The increase in compute power availability and the multiplication of computer interfaces is not in itself going to help the end users, if anything it will confuse them even more.

Artificial intelligence methods have in their roots the desire to create systems that behave more intelligently in response to end users. On another hand, research in cognitive science has shown features of the perception and memorisation processes in human beings that were unknown just a few years ago.

The recent developments in artificial intelligence and in cognitive science should be integrated in the design of future computer systems.


Reduce Uncertainty

Most people associate the word INFORMATION with NEWS or eventually with COMPUTER  APPLICATIONS. But these are limited and very imperfect understandings of this concept.

Information started to have a richer meaning when C. Shannon and W. Weaver in 1948 published the Mathematical Theory of Communications (1) But it was L. Brilloin (2) with his interpretation of information as the opposite of entropy, who gave to information theory the status of a general theory.
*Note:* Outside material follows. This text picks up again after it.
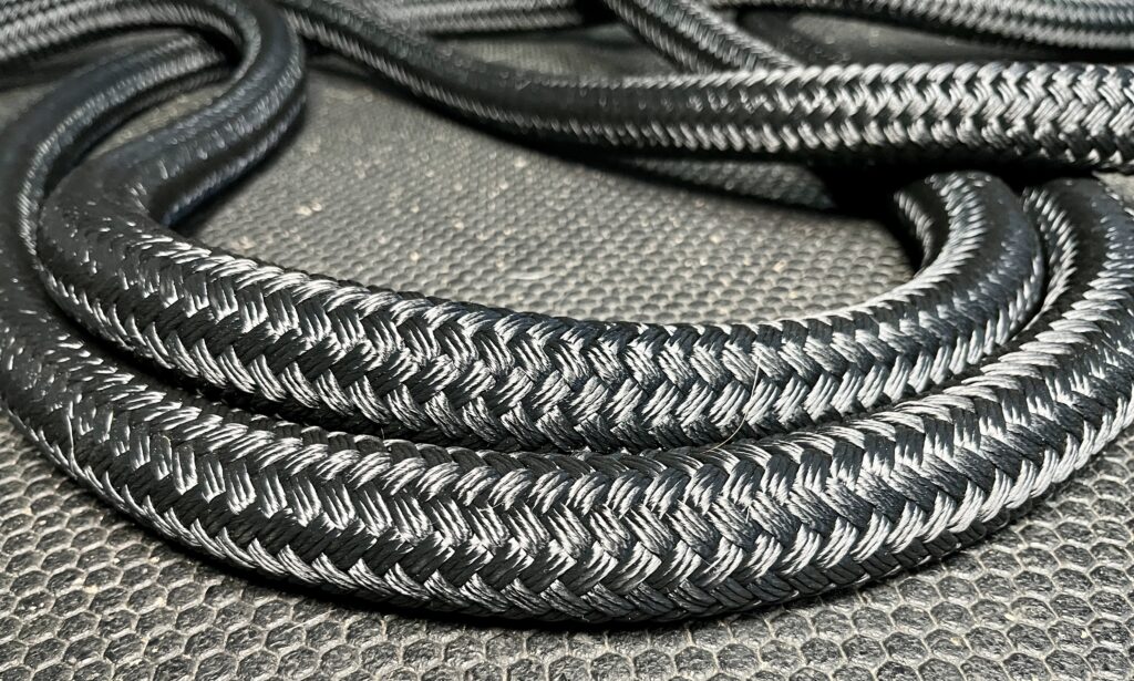 It’s made of a flexible metal core, surrounded by braided polyester that’s more durable than the Dacron material used by traditional battle ropes.
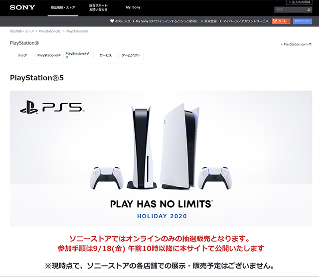 販売数は、毎日20組で、ドライブ付きのPlayStation®5のみ。

The concept evolved from an engineering content, essentially based on a mechanical approach, to a broader meaning encompassing the the semantic aspects of the communications process as well. Information became synonymous with the reduction of uncertainty of a receiver after the reception of a message.  That generalisation of the concept of information is consistent with a realistic representation of the interactions of man with his environment (A. Moles) (3).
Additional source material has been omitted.